The legislative environment in 2015 saw many tax law changes affecting small businesses, including two that particularly affect S corporations. If you’re the owner of an S corporation, here’s what you should do to get your business taxes in order for Uncle Sam.
Once you’re done reading, you can download our tax filing infographic, which includes important filing dates for your required forms specifically for S corporations.
Don’t Put Off Filing Taxes
First, file on time, which for S corporations means March 15. You’ll file Form 1120S and give each shareholder a copy of Schedule K-1 (Form 1120S). Don’t confuse this with Schedule K-1 (Form 1065), which is for partnerships. Your shareholders should also be prepared to use their Schedule K-1 to account for their share of the business’ taxes.
If you can’t file on time, request an automatic six-month extension by March 15 using Form 7004, and pay what you estimate you will owe.
Second, keep good records. Because of the tax advantages they enjoy, S corporations are more likely to be audited than many other business entities, so it’s especially important to maintain backup documentation for any business deductions you take.
To stay on the right side of the law, remember that S corporations cannot deduct the cost of health insurance premiums for shareholder-employees who own more than 2% of the company. It’s also critical to pay yourself a reasonable salary and to abide by IRS guidelines regarding the number and type of shareholders an S corp is allowed.
The PATH Act Changes
It’s critically important to understand how tax law changes affect your business. The Protecting Americans from Tax Hikes Act of 2015 (the PATH Act) extended and made permanent a number of tax changes, including two specific to S corporations:
Basis Adjustment to Stock of S Corporations Making Charitable Contributions of Property
When an S corporation makes a contribution to charity, that contribution “flows through” to the S corporation’s shareholders, who have to adjust their stock basis accordingly. For tax years beginning after December 31, 2014, a shareholder’s basis in the stock of an S corporation is reduced by the shareholder’s pro-rata share of the adjusted basis of the property contributed.
Permanent Reduction in Built-in Gains (BIG) Tax
If a C corporation converts to S corporation status, it will owe a built-in gains tax on any assets of the C corporation that it sells within five years (this previously was 10 years). The new law is retroactive to the start of 2015.

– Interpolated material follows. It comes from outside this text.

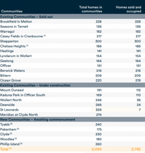 “With the current pipeline of projects, the business has the ability to deliver 1,100 to 1,300 new home settlements and 450 to 550 resale settlements over the next three years subject to the ongoing uncertainty and restrictions in relation to the COVID-19 pandemic on the Victorian property market.”
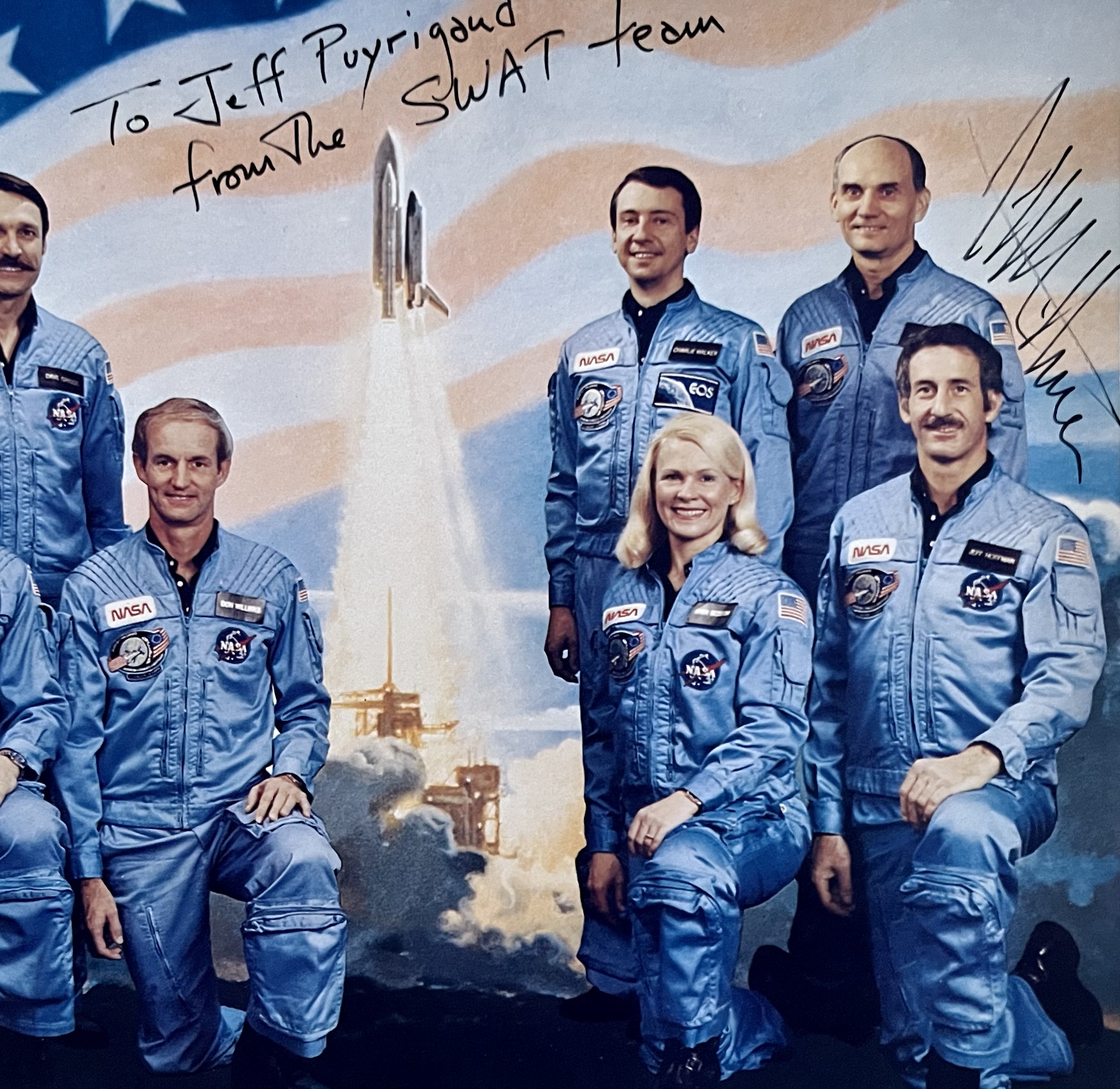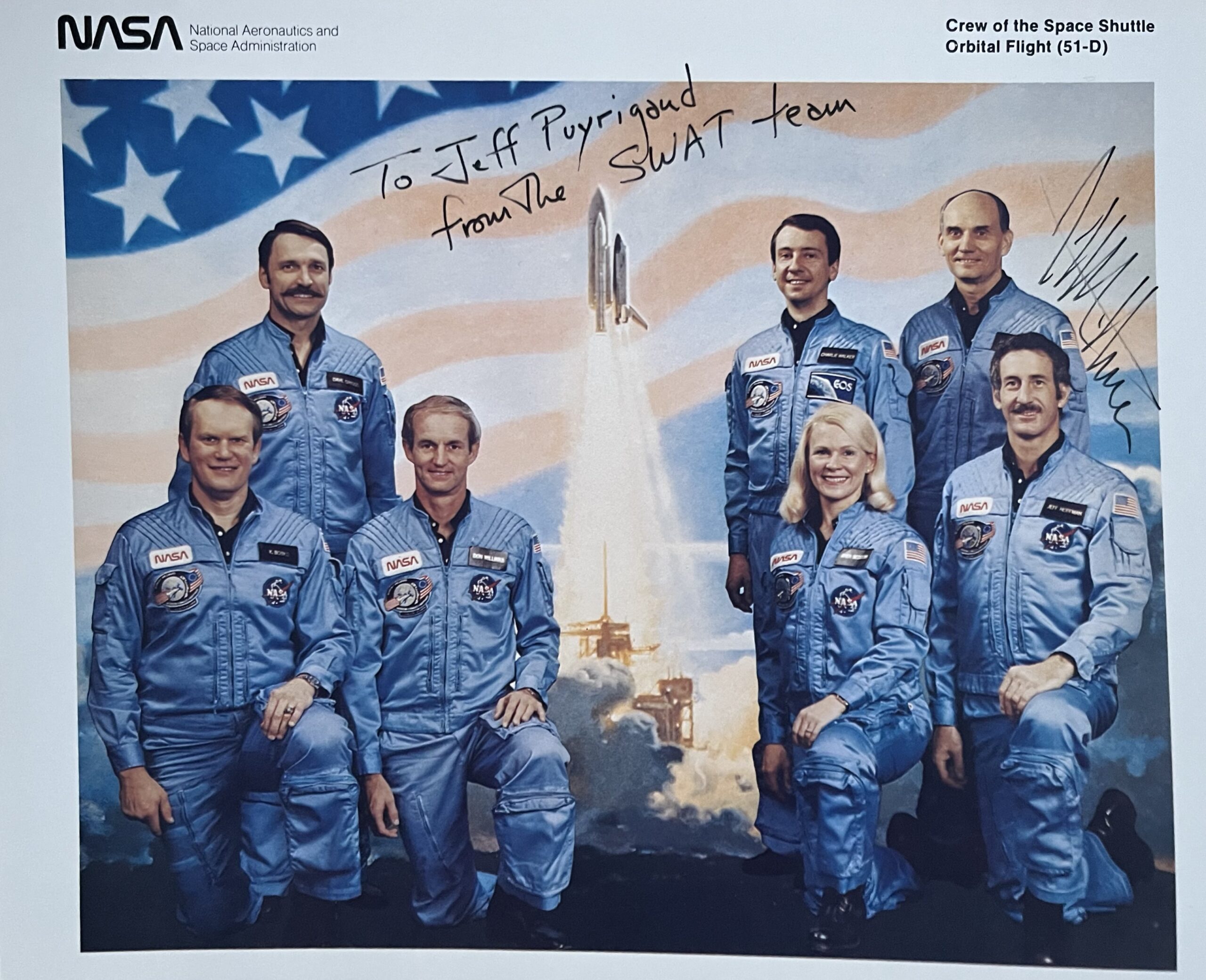 - Portrait de groupe (cliché NASA, imprimé) des 7 membres de la mission spatiale 51-D, portant une dédicace de Jeffrey A. Hoffman : "To Jeff Puyrigaud from the SWAT team".

In addition to the specific updates mentioned above, the PATH Act changes affect small businesses in the following ways:
If your business purchases a long-term asset, you can deduct a large part of its cost in the year of purchase. The bonus depreciation has been retroactively extended from January 1, 2015, through 2019, although it will be phased out as follows:
- 2015 through 2017: 50%
- 2018: 40%
- 2019: 30%
Section 179 Expensing Limit
Section 179 of the Tax Code allows businesses to deduct the cost of new or used tangible personal business property, up to an annual limit, in a single year. Retroactive to January 1, 2015, the Section 179 annual limit is now $500,000. Business owners can purchase up to $2 million worth of qualifying business property each year.
First-Year Depreciation of Business Vehicles
If you claim 50% bonus depreciation for business vehicles placed into service in 2015, the annual limit on first-year depreciation is increased by $8,000.

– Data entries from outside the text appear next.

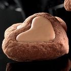Mélanger tous les ingrédients, chauffer à 25° C, verser dans le moule en silicone, laisser sécher, démouler. Verser le chocolat au lait dans le centre du biscuit. |
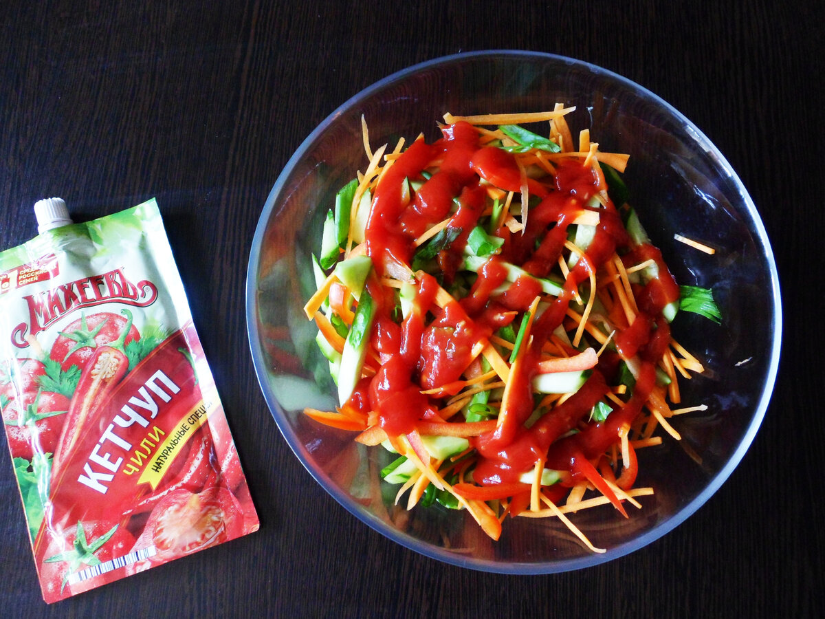 Теперь пришло время добавить уксус (например, рисовый), сахар, соль, кетчуп чили и оливковое масло. Чтобы подчеркнуть восточные нотки, можно добавить столовую ложку кунжутного масла. В завершение не забудьте украсить зеленью — кинза или петрушка отлично подойдут.
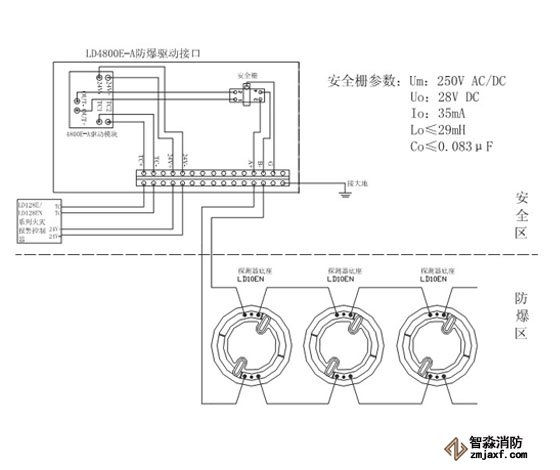 防爆煙感探測(cè)器接線圖:
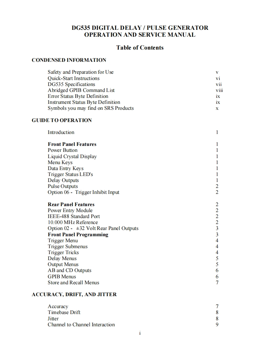 MODEL DG535Digital Delay /Pulse Generator5R5Stanford Research Systems1290-D Reamwood AvenueSunnyvale,CA 94089 U.S.A.Phone:(408)744-9040,Fax:(408)744-9049Copyright@1994,1997,2000All Rights ReservedRevision 2.902/2006

Work Opportunity Tax Credit
Tax credits for hiring members of targeted groups, including military veterans, people who receive welfare and food stamps, people with disabilities, low-income ex-felons and high-risk young people, are extended through 2019. A wage credit for hiring active-duty members of the military has been made permanent.
Improvements to Qualified Real Property
For 2015, up to $250,000 worth of improvements to qualified lease, retail and restaurant property can be deducted under Section 179; the remaining cost is deductible over 15 years. In 2016, the maximum Section 179 deduction for this type of property increases to $500,000.

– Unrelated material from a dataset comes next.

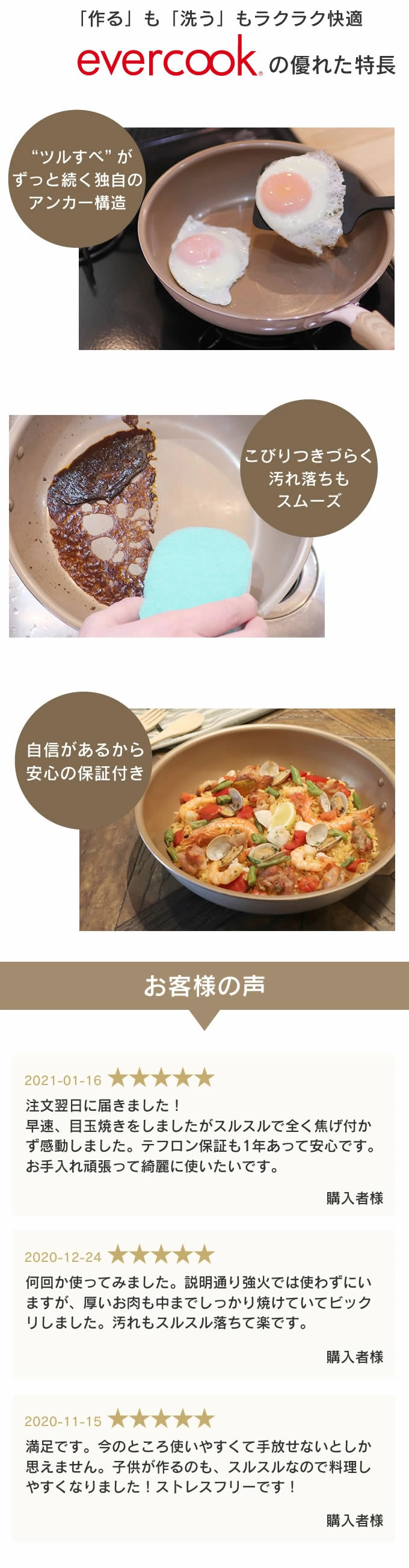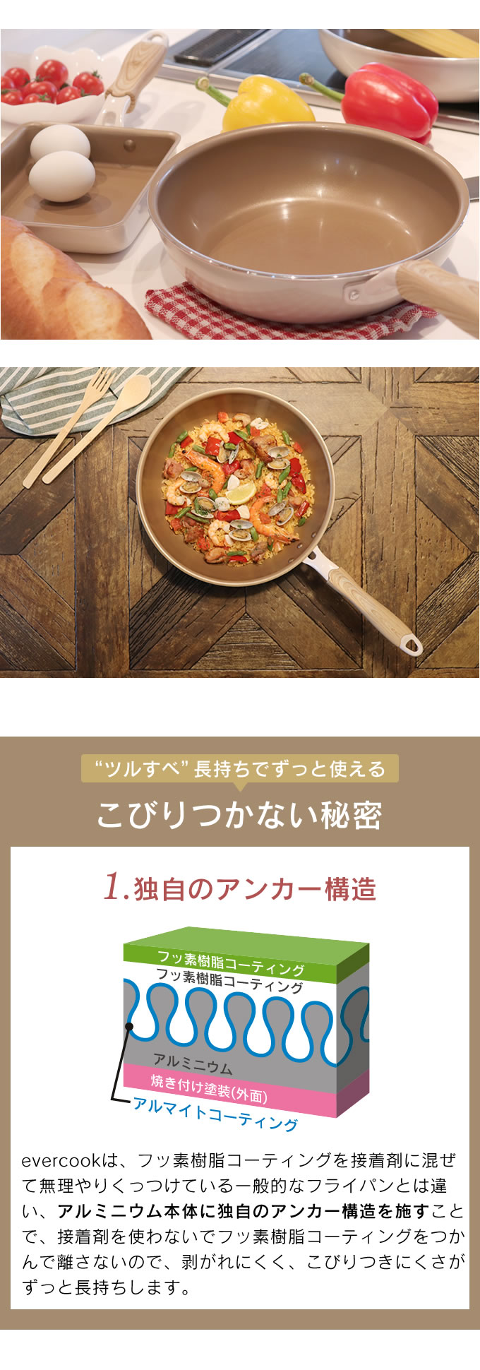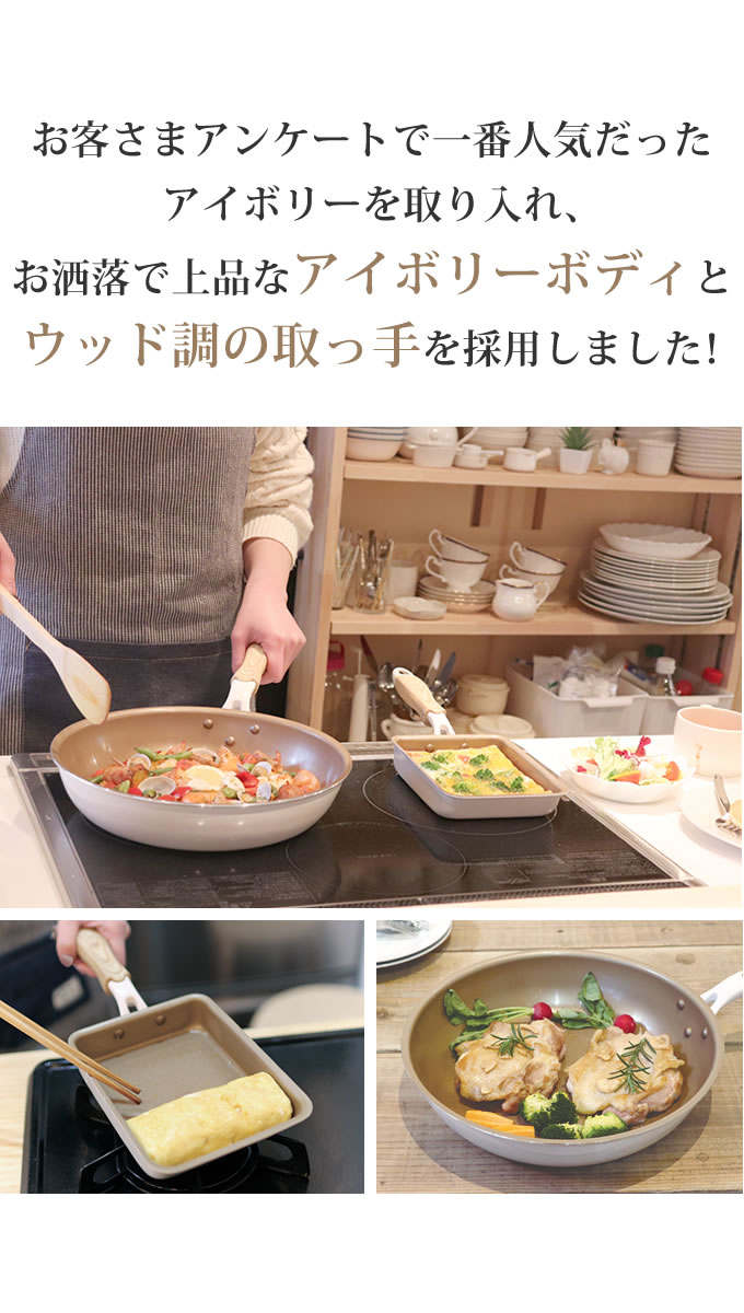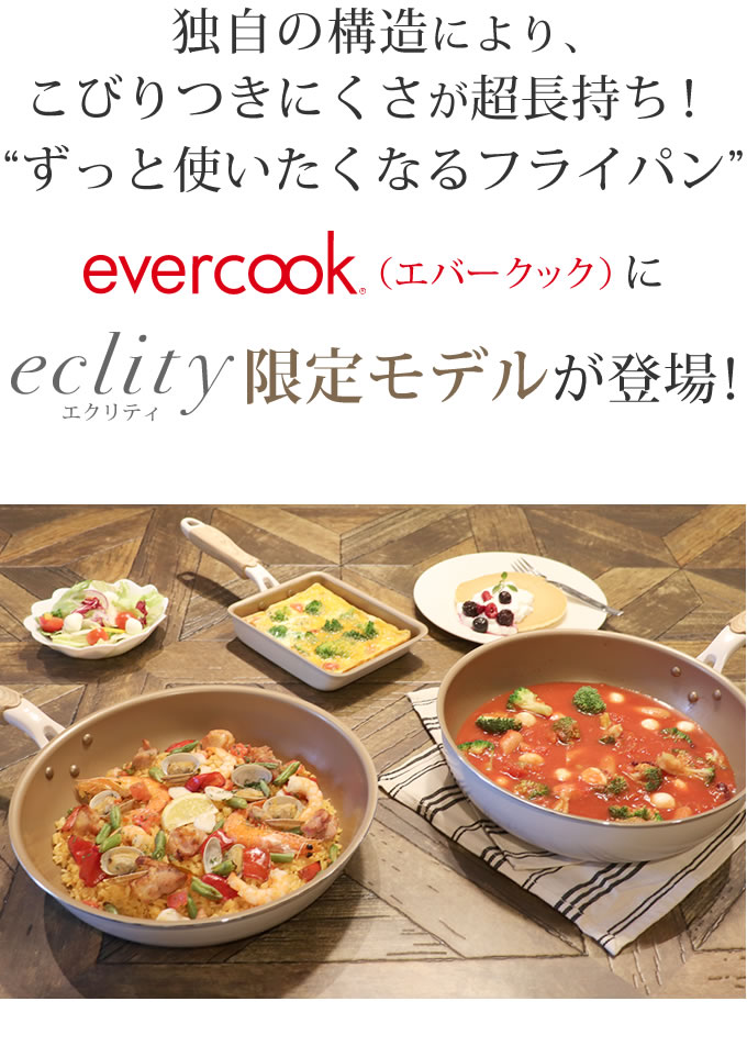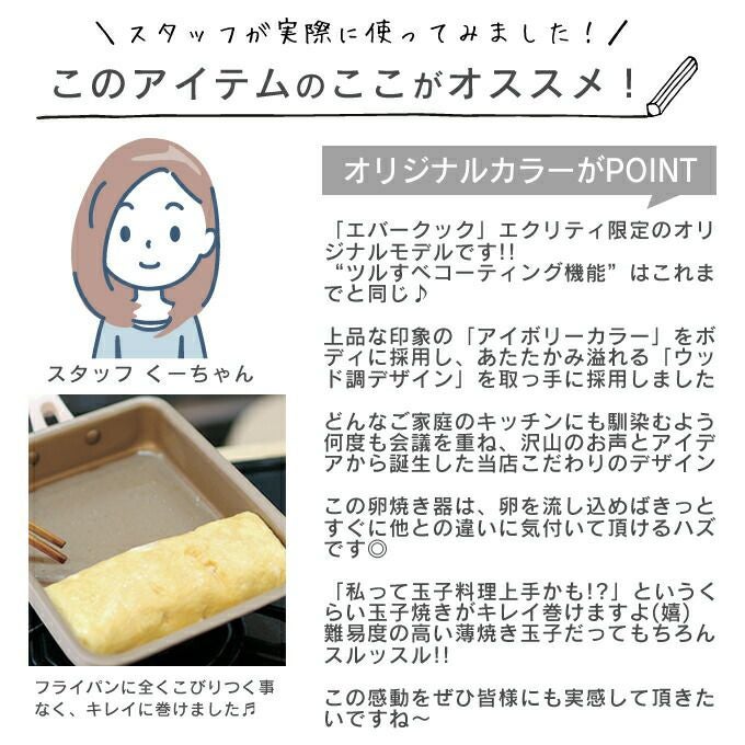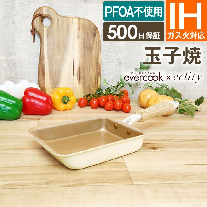 evercook エバークック フライパン 玉子焼き 13×18cm≪エクリティ限定モデル アイボリー≫ ガス・IH対応 玉子焼き器/ 500日保証 ガス火対応 卵焼き ih 焦げ付かない ドウシシャ こびりつかない PFOA不使用

There may also be tax law changes in your state, which you should discuss with your tax advisor.
Healthcare and Retirement
How will the Affordable Care Act (ACA) affect your taxes this year? You can take the small employer health insurance credit (though the definition of small employer has changed in recent years) if you pay at least half the cost of healthcare coverage for your staff.
Employer reporting rules have also changed. If you are considered a “large employer,” meaning you have 50 or more full-time employees, including full-time equivalent employees, you have to file informational returns with the IRS reporting health insurance coverage and issue Form 1095-C to employees. If you have multiple locations, or even multiple businesses, you must aggregate all of your employees to arrive at your reporting total.
Finally, consider setting up a Simplified Employee Pension (SEP) plan to cut your taxes. You can do this whether you’re incorporated, unincorporated or self-employed if you don’t have a retirement plan in place. You’ll have to make contributions toward employees’ plans, but you’ll get a nifty tax deduction when you file.